DATASET EXTRACT —
+ + + + +
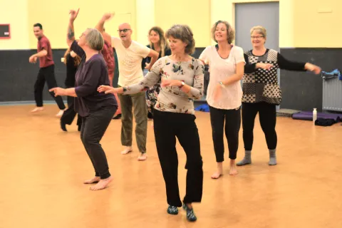 Zou je misschien met ons mee willen gaan op biodanzareis? Een wekelijks kort avontuurtje van anderhalf uur, waarbij je steeds wordt uitgenodigd om vanuit verschillende soorten muziek jezelf in beweging te laten zetten. Alleen, samen met iemand, met de hele groep. Elke muziek, elke dans, elke bewegingsoefening kan een nieuwe ervaring zijn. Een deur, een klein podiumpje voor jou alleen, een nieuw soort ontmoeting met iemand anders.
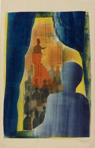 Illustratie: een kerk met een priester op een preekstoel, onder hem een groep luisterende mensen. Op de voorgrond een figuur die door een deur met blauwe gordijnen omlijst, het tafereel aanschouwt.
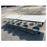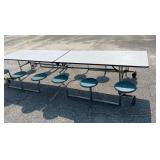 School Cafeteria Lunch Table on Rolling Wheels with 12 Attached Seats, Missing Part of Table Top
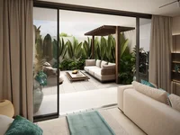 Smart-villa-Format ist ein vollwertiges Haus mit eigenem Eingang, Terrasse und Grünbereich, befindet sich im ersten Stock des Komplexes mit Wohnungen.
+ + + + +
The whole listing should be retyped word for word; none of its pictures belong in the copy.

EXPECTED ANSWER —
 Zou je misschien met ons mee willen gaan op biodanzareis? Een wekelijks kort avontuurtje van anderhalf uur, waarbij je steeds wordt uitgenodigd om vanuit verschillende soorten muziek jezelf in beweging te laten zetten. Alleen, samen met iemand, met de hele groep. Elke muziek, elke dans, elke bewegingsoefening kan een nieuwe ervaring zijn. Een deur, een klein podiumpje voor jou alleen, een nieuw soort ontmoeting met iemand anders.
 Illustratie: een kerk met een priester op een preekstoel, onder hem een groep luisterende mensen. Op de voorgrond een figuur die door een deur met blauwe gordijnen omlijst, het tafereel aanschouwt.
 School Cafeteria Lunch Table on Rolling Wheels with 12 Attached Seats, Missing Part of Table Top
 Smart-villa-Format ist ein vollwertiges Haus mit eigenem Eingang, Terrasse und Grünbereich, befindet sich im ersten Stock des Komplexes mit Wohnungen.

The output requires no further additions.